=== Task requirements ===
Nothing but the records themselves, exactly as written, should appear in the reply; leave out the pictures.

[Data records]
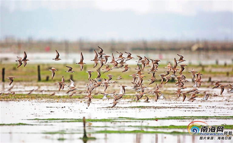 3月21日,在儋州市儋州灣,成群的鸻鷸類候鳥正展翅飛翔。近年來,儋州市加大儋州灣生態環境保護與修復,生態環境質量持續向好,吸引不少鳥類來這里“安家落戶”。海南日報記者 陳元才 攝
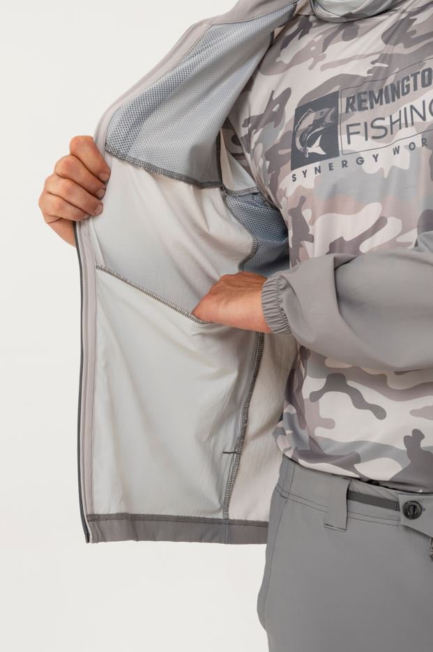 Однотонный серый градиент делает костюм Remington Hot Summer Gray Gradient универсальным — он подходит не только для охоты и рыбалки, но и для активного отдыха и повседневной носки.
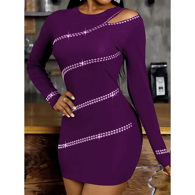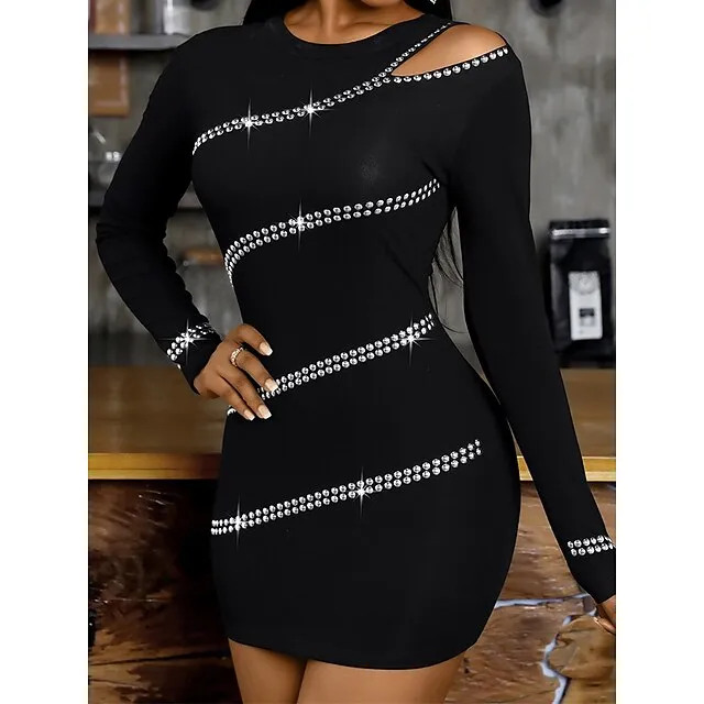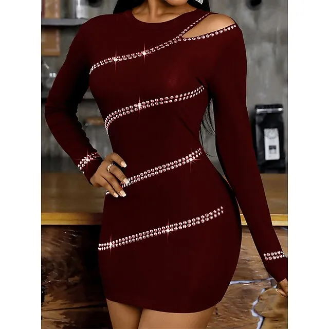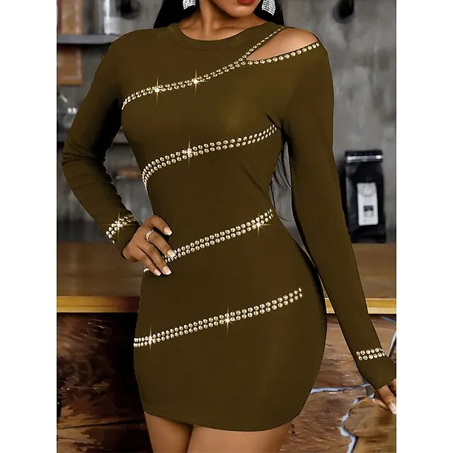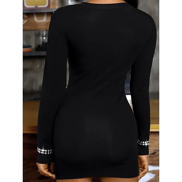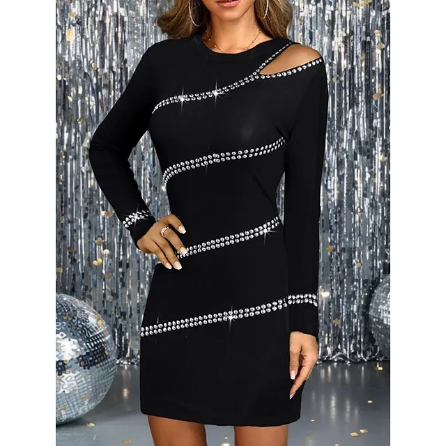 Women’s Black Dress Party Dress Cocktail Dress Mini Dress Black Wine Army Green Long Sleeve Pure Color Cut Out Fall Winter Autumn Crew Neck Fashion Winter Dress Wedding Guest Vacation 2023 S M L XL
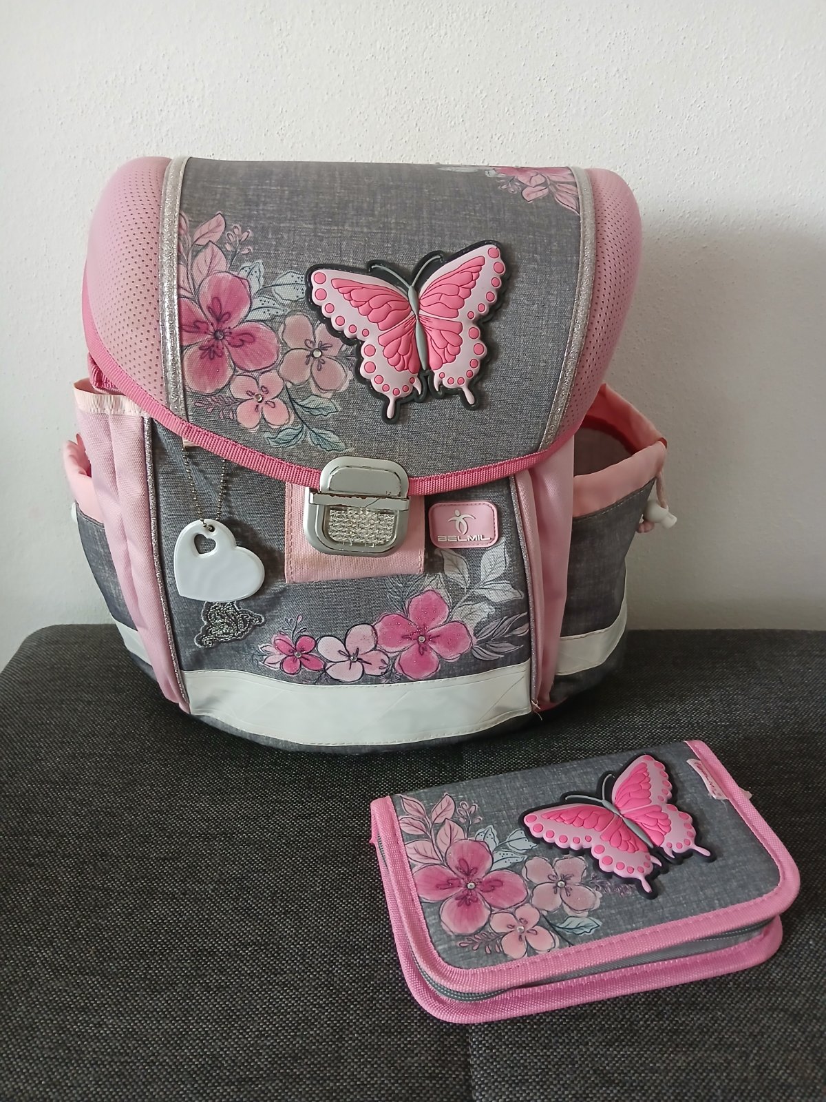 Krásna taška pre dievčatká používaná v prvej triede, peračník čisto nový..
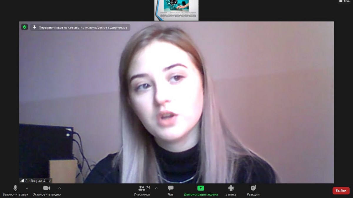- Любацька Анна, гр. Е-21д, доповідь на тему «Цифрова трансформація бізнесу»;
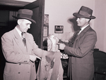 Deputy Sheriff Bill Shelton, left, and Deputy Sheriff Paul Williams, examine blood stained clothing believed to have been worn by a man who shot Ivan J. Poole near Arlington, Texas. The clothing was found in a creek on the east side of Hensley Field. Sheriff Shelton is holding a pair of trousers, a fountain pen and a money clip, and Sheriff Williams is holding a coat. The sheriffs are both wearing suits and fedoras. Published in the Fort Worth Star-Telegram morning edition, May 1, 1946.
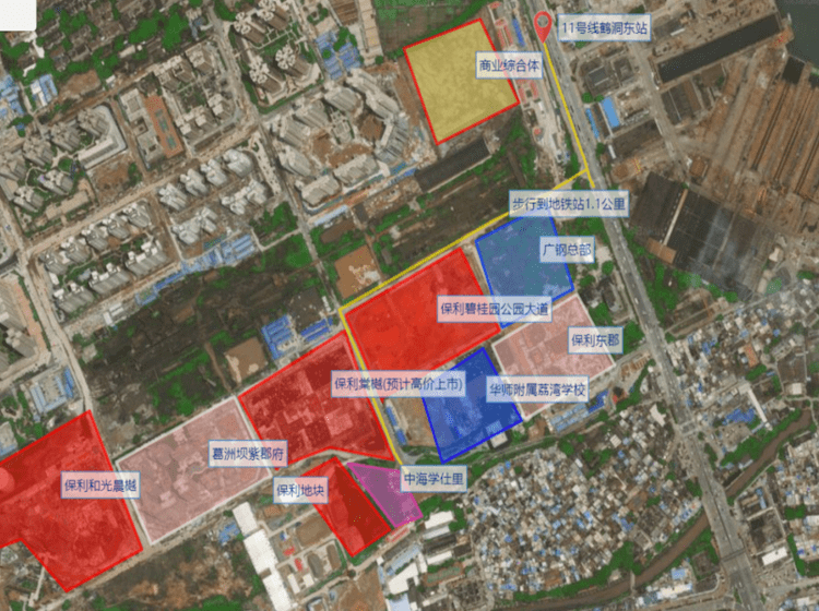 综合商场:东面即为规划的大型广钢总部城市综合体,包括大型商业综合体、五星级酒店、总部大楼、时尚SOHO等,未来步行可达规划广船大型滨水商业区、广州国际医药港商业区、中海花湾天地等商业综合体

=== Expected answer ===
 3月21日,在儋州市儋州灣,成群的鸻鷸類候鳥正展翅飛翔。近年來,儋州市加大儋州灣生態環境保護與修復,生態環境質量持續向好,吸引不少鳥類來這里“安家落戶”。海南日報記者 陳元才 攝
 Однотонный серый градиент делает костюм Remington Hot Summer Gray Gradient универсальным — он подходит не только для охоты и рыбалки, но и для активного отдыха и повседневной носки.
 Women’s Black Dress Party Dress Cocktail Dress Mini Dress Black Wine Army Green Long Sleeve Pure Color Cut Out Fall Winter Autumn Crew Neck Fashion Winter Dress Wedding Guest Vacation 2023 S M L XL
 Krásna taška pre dievčatká používaná v prvej triede, peračník čisto nový..
- Любацька Анна, гр. Е-21д, доповідь на тему «Цифрова трансформація бізнесу»;
 Deputy Sheriff Bill Shelton, left, and Deputy Sheriff Paul Williams, examine blood stained clothing believed to have been worn by a man who shot Ivan J. Poole near Arlington, Texas. The clothing was found in a creek on the east side of Hensley Field. Sheriff Shelton is holding a pair of trousers, a fountain pen and a money clip, and Sheriff Williams is holding a coat. The sheriffs are both wearing suits and fedoras. Published in the Fort Worth Star-Telegram morning edition, May 1, 1946.
 综合商场:东面即为规划的大型广钢总部城市综合体,包括大型商业综合体、五星级酒店、总部大楼、时尚SOHO等,未来步行可达规划广船大型滨水商业区、广州国际医药港商业区、中海花湾天地等商业综合体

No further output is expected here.